## EXERCISE BRIEF
Where the data below begins, start retyping exactly, and end on the line with "Handles or Bar.", which is included; no picture goes in.

## THE DATA
****

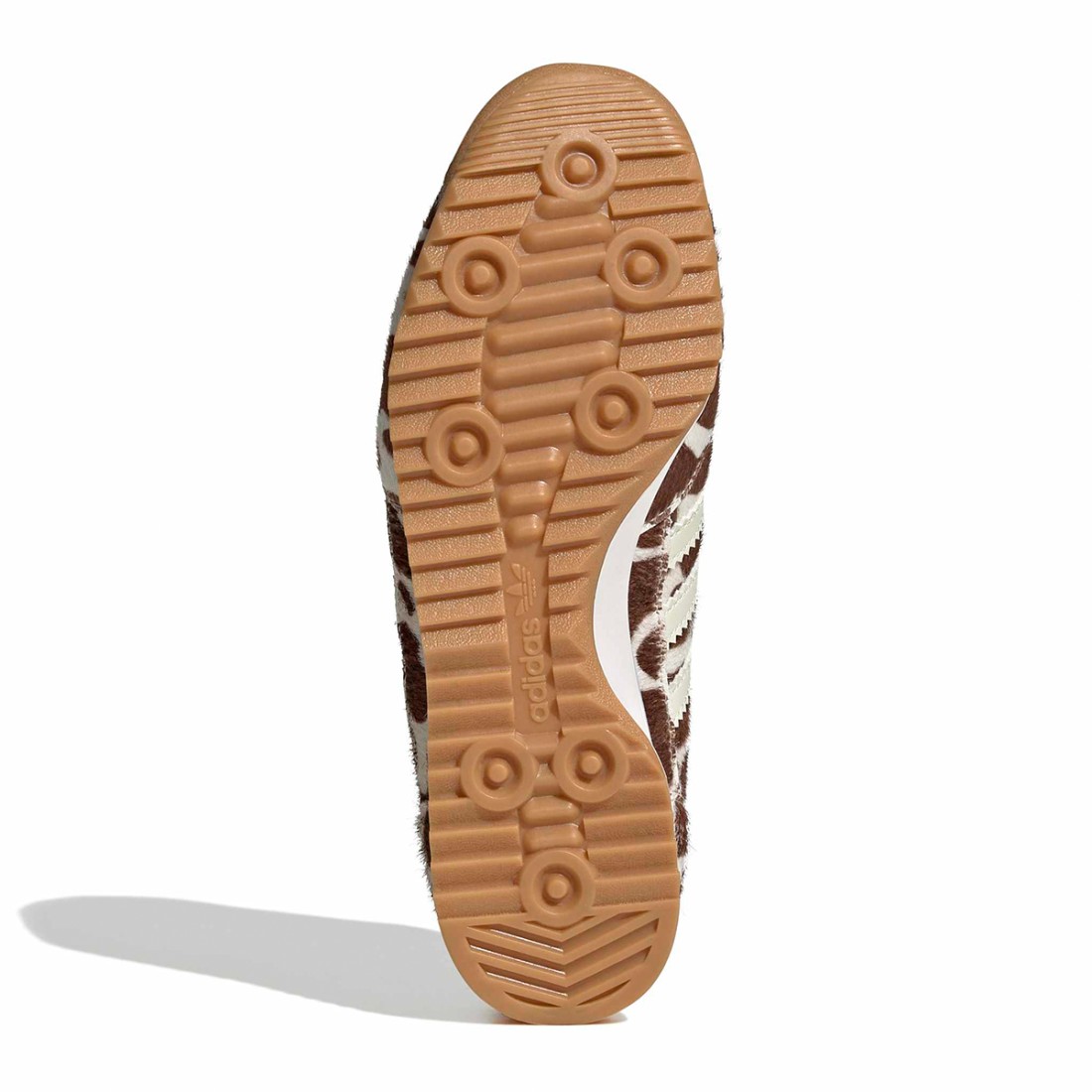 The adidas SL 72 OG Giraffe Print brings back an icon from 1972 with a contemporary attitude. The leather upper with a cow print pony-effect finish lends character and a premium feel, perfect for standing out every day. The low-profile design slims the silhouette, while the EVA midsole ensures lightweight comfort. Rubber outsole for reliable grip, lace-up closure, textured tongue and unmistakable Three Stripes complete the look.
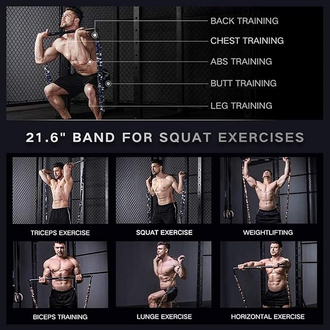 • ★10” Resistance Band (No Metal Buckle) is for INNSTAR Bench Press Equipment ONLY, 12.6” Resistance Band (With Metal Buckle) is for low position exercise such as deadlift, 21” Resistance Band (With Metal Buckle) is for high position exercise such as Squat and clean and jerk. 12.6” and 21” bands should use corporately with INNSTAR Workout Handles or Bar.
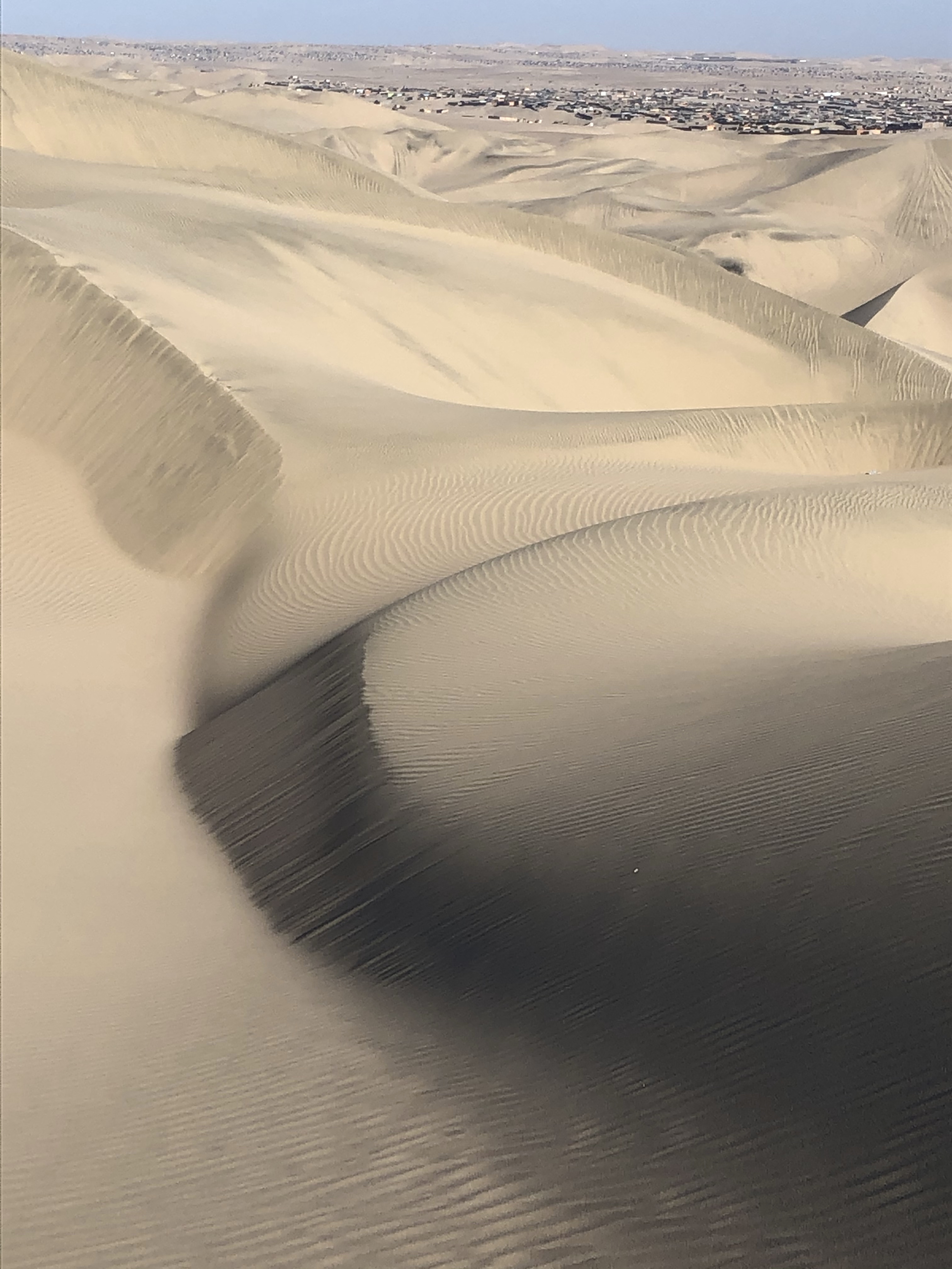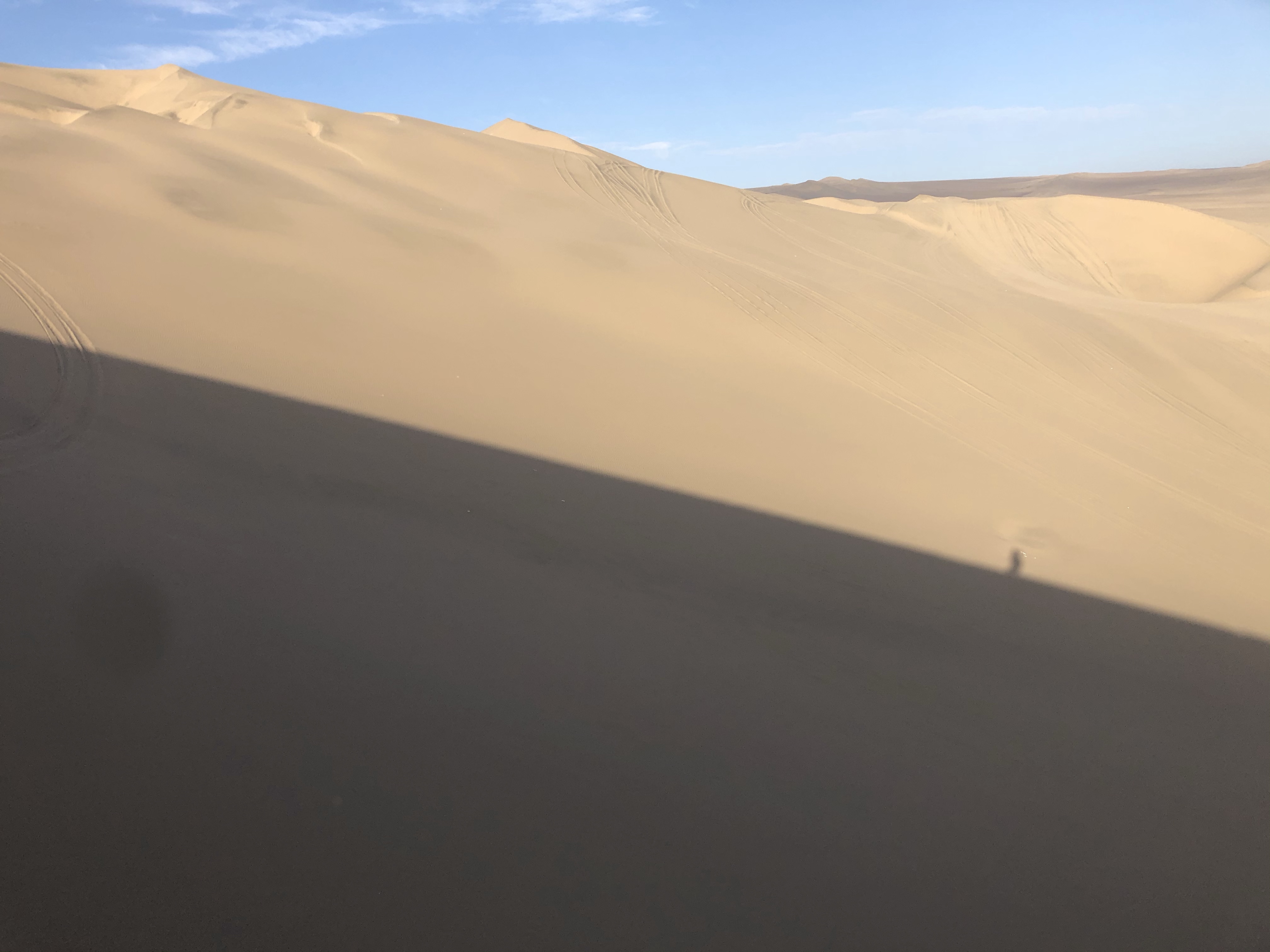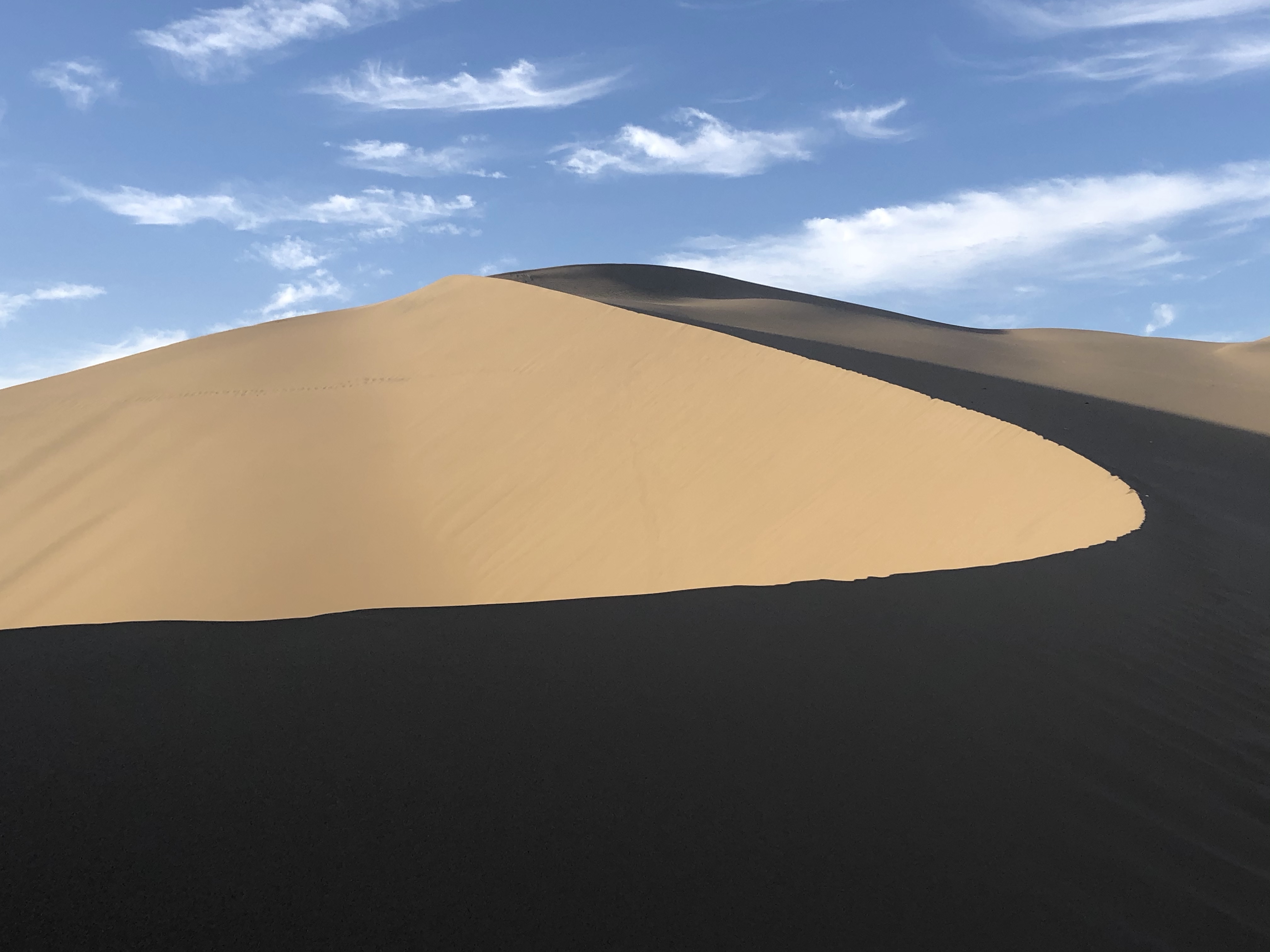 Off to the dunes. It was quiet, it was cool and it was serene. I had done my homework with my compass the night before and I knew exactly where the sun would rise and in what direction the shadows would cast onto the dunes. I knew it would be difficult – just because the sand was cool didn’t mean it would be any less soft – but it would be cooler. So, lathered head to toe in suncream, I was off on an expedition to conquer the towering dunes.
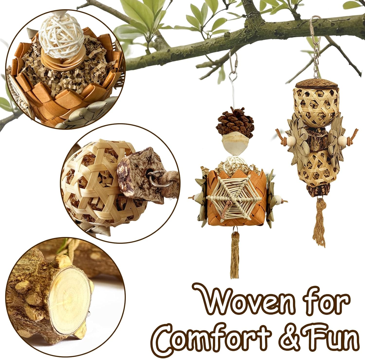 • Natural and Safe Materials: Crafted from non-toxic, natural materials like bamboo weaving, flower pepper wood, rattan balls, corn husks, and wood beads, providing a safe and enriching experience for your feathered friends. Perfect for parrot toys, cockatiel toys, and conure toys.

****

## ANSWER AREA
 The adidas SL 72 OG Giraffe Print brings back an icon from 1972 with a contemporary attitude. The leather upper with a cow print pony-effect finish lends character and a premium feel, perfect for standing out every day. The low-profile design slims the silhouette, while the EVA midsole ensures lightweight comfort. Rubber outsole for reliable grip, lace-up closure, textured tongue and unmistakable Three Stripes complete the look.
 • ★10” Resistance Band (No Metal Buckle) is for INNSTAR Bench Press Equipment ONLY, 12.6” Resistance Band (With Metal Buckle) is for low position exercise such as deadlift, 21” Resistance Band (With Metal Buckle) is for high position exercise such as Squat and clean and jerk. 12.6” and 21” bands should use corporately with INNSTAR Workout Handles or Bar.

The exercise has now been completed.